IT’S EASY to get lost in the negativity right now, to believe there won’t be any light at the end of the tunnel. However, for a moment, cast your mind forward a couple of years – to a time when the pandemic is over.
You arrive at the old Lang Lang Proving Grounds on a beautiful, sunny Saturday for the opening of the newly redeveloped site.
The Premier stands on a podium, along with Bass Coast councillors, a representative from the Bunurong Land Council, the Minister for Tourism, the Minister for the Environment and teachers and staff from universities, colleges and schools, all waiting to give their two cents’ worth on the opportunities this new public facility will provide. Before them, an excited crowd waits to hear the details.
The Bunurong Land Council and the Royal Botanic Gardens Cranbourne receive their due for the permaculture gardens and the newly planted orchard, which will stock the café on site with fresh, organic produce.
The Minister for Tourism talks about the unlimited potential in the area, and you hear mumblings of agreement throughout the crowd as ideas start to form. What is the potential for using the existing proving ground for driver training? The L2P program? Could we use the skid pad? How about a Tread Lightly-type off-road training course?
Item two on the agenda: Is an interpretive museum in an existing but redeveloped building the best path forward? We must remember to tell the story of the people who worked here, not just the engineering and racing and driving that was done here.
The excitement builds as the Minister for the Environment begins talking about CERES Western Port – a new branch off the original community environment park in Brunswick. The partnership with the Bunurong Land Council and the Royal Botanic Gardens at Cranbourne has already borne fruit, if you’ll pardon the pun, and the Bush Tucker Café is rapidly developing a reputation for its outstanding food and great service. A committed manager employed by CERES, a creative indigenous chef and staffing by the students from Chisolm TAFE hospitality and catering courses gives the café a unique and relaxed vibe enhanced by the tranquil bush all around it.
A group in an odd mix of lycra and baggies, speaking a mix of European languages, make last minute adjustments to their mountain bikes and backpacks before heading out to explore the cross-country trail. After a good few hours to ride the trails they’ll stop for lunch at the cafe before riding to San Remo. Tomorrow they’ll ride the rail trail to Wonthaggi, lunch and then ride down to Cape Paterson and along the coast to Inverloch.
Nearing the trailhead, they pause to examine the human powered vehicles that have just been unloaded by staff and students from Wonthaggi Secondary College. A university team is preparing for a day of high-speed testing of high-tech carbon fibre racing bicycles.

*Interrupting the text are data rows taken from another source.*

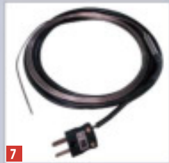
7 Thermocouple J probe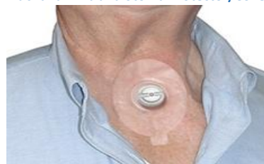
Stoma baseplate and HME cassette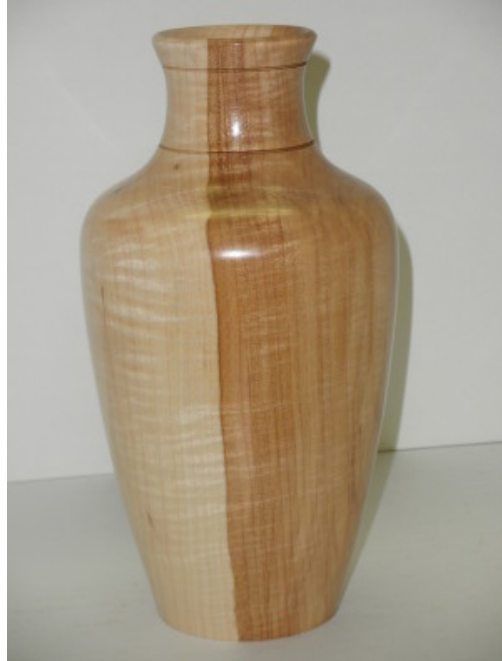
Sugar Maple Vase – One Half Heart Wood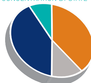
CONCENTRATION BY STATE*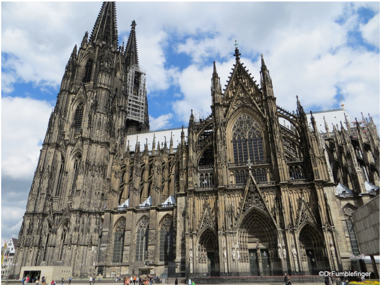
Fig. 3. Cologne Cathedral in Germany.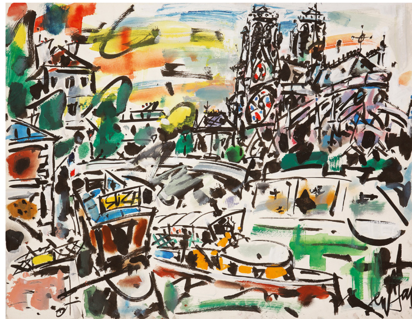
GEN PAUL | Notre Dame | watercolor, gouache and ink on paper | 19 5/16 x 25 5/16 in. | FG© 138410

Nearby a group of local primary school students, teachers and parents are preparing for their day. Their Bunurong guide explains to the children that they will break up into teams to explore, catalogue and identify every species of plant or animal in the small area they will walk to shortly. She emphasises to the children that their work will contribute to an audit of the entire site, a process which will take several years.
A robotic wheeled vehicle is silently maneuvered around the group by its operator, an engineer formerly employed by Holden but now working for a start-up developing drones for search and rescue and sustainable farming.
A couple of artists are examining the site map, deep in discussion with some bushwalkers about the best spots to set up their easels. A view would be nice but what they really want is the light filtering through the trees. Can the walkers suggest any particular spots?
The wildlife rescue and sanctuary is opening its doors, educating the assembled people on rare and endangered Australian native wildlife.
You set off for a short bushwalk, before coming back for a wattle-seed and vanilla latte from the café. With a window seat, you can watch the native birds fly through the trees and hear the delighted conversations of the community as they pass by. You reflect on the tragic events that led to this wonderful environmental and community asset.
Holden’s demise was widely mourned but their departure from Australia made the land available. The tragic pandemic of 2020 had two impacts: the collapse of the international tourist industry at the same time as GM discovered car companies had no money to invest in a development facility in remote south-eastern Australia.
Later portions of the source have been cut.